Since our data set is composed only of ASCII characters, this can be improved.
def no_duplicate_characters?(chars)
chars.bytes.uniq.size == chars.size
end
The String#bytes
method returns an array of the bytes that make up the string. Since the input data is all ASCII, this is safe (ASCII characters are all single-byte characters). Because the implementation doesn't have to worry about multi-byte characters, this is much faster to execute than the split('')
call, and in truth, this is pretty close to as fast as you can make this in Ruby.
The second version (chars.bytes.uniq.size == chars.size
) finished in about 8.7 seconds on my laptop.
Can that be improved? What if the method that checks for duplicate characters is just a big boolean
statement that explicitly checks the options?
def no_duplicate_characters?(chars)
!( chars[0] == chars[1] ||
chars[0] == chars[2] ||
chars[0] == chars[3] ||
chars[1] == chars[2] ||
chars[1] == chars[3] ||
chars[2] == chars[3] )
end
That version runs in about 8.4 seconds, and it works with all UTF-8 characters, too!
Can it be faster? Yes. If parse_packet_data
is revisited, and it is modified to return an array of bytes instead of a string, the speedup is substantial.
def parse_packet_data(filename)
File.read(filename).bytes
end
This version is what you will find in the repo (with comments explaining the other version).
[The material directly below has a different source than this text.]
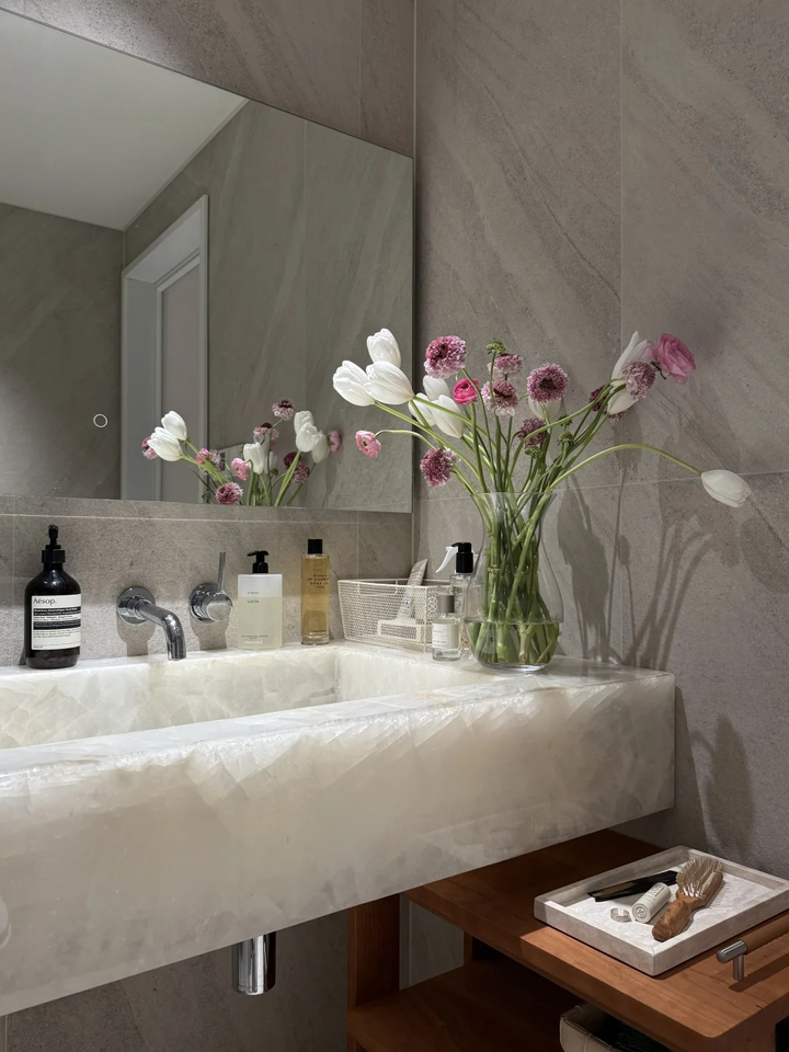 Table de vanité moderne de luxe en jade-agat, dalles polies translucides, lavabos de salle de bain pour tables d'île tendances, villas, bureau de maquillage

It runs in about 2.2 seconds on my laptop.
Ruby's Fastest Version
There is one final improvement that can be made to the Ruby version. All of the previous versions created new strings or arrays with every call into no_duplicate_characters?
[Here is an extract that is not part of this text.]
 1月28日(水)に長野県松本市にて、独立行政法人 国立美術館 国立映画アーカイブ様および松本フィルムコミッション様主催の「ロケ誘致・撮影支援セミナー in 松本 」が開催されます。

. Apart from the obvious performance hit from duplicating data that already exists somewhere else, object creation and cleanup are both expensive in Ruby, so creating large numbers of redundant, short-lived objects impacts performance. However, because all of the data that is required is directly accessible in the @data
instance variable, this can be dealt with by just passing an index into no_duplicate_characters?
instead of a string or array of bytes.
def no_duplicate_characters?(idx)
!(@data[idx] == @data[idx + 1] ||
@data[idx] == @data[idx + 2] ||
@data[idx] == @data[idx + 3] ||
@data[idx + 1] == @data[idx + 2] ||
@data[idx + 1] == @data[idx + 3] ||
@data[idx + 2] == @data[idx + 3])
end
def find_start_of_packet
(@data.size - 4).times do |idx|
return idx + 4 if no_duplicate_characters?(idx)
end
'No packet found'
end
This version is running in about 1.32 seconds on my laptop.
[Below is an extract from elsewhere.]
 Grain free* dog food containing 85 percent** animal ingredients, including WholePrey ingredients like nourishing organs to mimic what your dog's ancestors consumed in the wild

So, how do the other languages stack up?
Crystal solution (winner for most concise)
Part of Crystal's awesomeness is that it has the same sort of productive, expressive syntax as Ruby, but it provides a fantastic type system and creates fast-executing code, as well. Consider:
class TuningTrouble
@data : String
def initialize(filename)
@data = parse_packet_data(filename)
end
def run
puts "The start of packet marker is at character ##{find_start_of_packet}"
end
def parse_packet_data(filename)
File.read(filename)
end
def find_start_of_packet
@data.chars.each_cons(4, reuse: true).index! {|chunk| chunk.uniq == chunk} + 4
end
end
TuningTrouble.new(ARGV[0]? || "input.txt").run
Crystal wins the concise code battle. This is spiritually idential to the original Ruby solution before we started trying to find faster versions, but it is even more terse! The definition of Array
in Crystal mixes in Indexable
, which has a method, Indexable#index
that returns the index of the first object for which the block returns a truthy value. The index!
version just returns an exception if no index is found. This eliminates manual counting of that index and makes this a very terse solution. Now, recall that the Ruby version of the above code takes about 17.7 seconds.
Crystal does it in about 1.27 seconds, and it is safe for the full UTF-8 character set. In fact, changing chars
to bytes
, in this example, offers no benefits. The next few examples show other fairly terse versions, but none are as fast as this until we get to the more complicated versions.
@data : String
def parse_packet_data(filename)
File.read(filename)
end
def no_duplicate_characters?(chars)
chars.split("").uniq.size == chars.size
end
def find_start_of_packet
(@data.size - 4).times do |idx|
return idx + 4 if no_duplicate_characters?(@data[idx, 4])
end
"No packet found"
end
This one does manual window management. It is easy to understand, but it is slower than the more concise version, at about 5.5 seconds.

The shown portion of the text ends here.